高齢者は脳の機能が低下していくとされるのは、機能を判定する試験法が大きく影響していると考えられていて、それを支持する声も強まっています。
脳力の高まり、加齢による低下は、記憶力と判断力によって著しいことから、知能試験でも認知機能試験でも記憶力と判断力の判定が中心となっています。知能試験では知識と理解、課題解決力も判定されます。

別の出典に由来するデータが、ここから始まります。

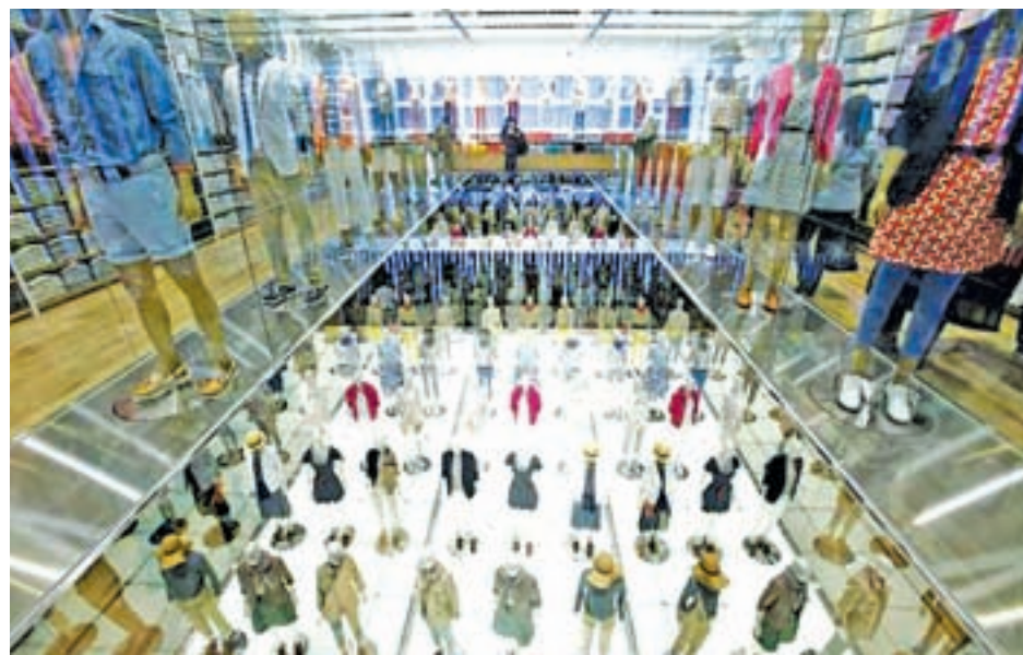
Mannequins are displayed at Fast Retailing's new flagship Uniqlo store at Tokyo's Ginza district in this 16 March, 2012 file photo.

課題解決力は、これまでの経験が結果に影響を与えています。これは子どもの知能試験だけの結果ではなく、高齢者の脳力でもあります。高齢者は記憶力の低下が認められる一方で、想像力は低下しにくい、かえって高まっていくことも指摘されています。
想像力は、過去に記憶してきたことを組み合わせて、現状に対応する脳力であり、想像、連想、空想といったことは、多くの経験をしてきた高齢者が得意とすることとも言えます。
経験してきたことは、誰もが、いつでも引き出して想像力などに活かせるというものではありません。記憶したことは脳の海馬に短期記憶として蓄積されて、保存すべき情報なのか忘れてもよい情報なのかの判断がされて、その後に大脳皮質に蓄積されていきます。
このことは、机の上に並べておいた資料を整理して、重要な資料は引き出しに入れて、そうでない資料は机の上に置いたままにするか、ゴミ箱に捨てるといった行為に例えられます。
大脳皮質に蓄積された情報は、そのまま思い返すことがなければ忘れ去られることにもなります。重大な経験をした結果として記憶したことは、その後も記憶が引き出されて、新たな情報と組み合わせて、さらに新情報として記憶されることになります。
情報を出し入れすることで思い出し、新規更新をしていくためには、情報に関わる経験を繰り返すことが重要になります。長く生きてきたとしても、情報の収集、分析、蓄積、更新を続けていなかったら、せっかくの経験によって得られた情報が活かされないことになります。
長い時間をかけて経験してきたことは、たとえ現役を引退したとしても、重要な情報として脳の中で繰り返し出し入れをして、いつでも役立つように整理して磨きをかけてきた人は、老いを脳力として発揮できるということになります。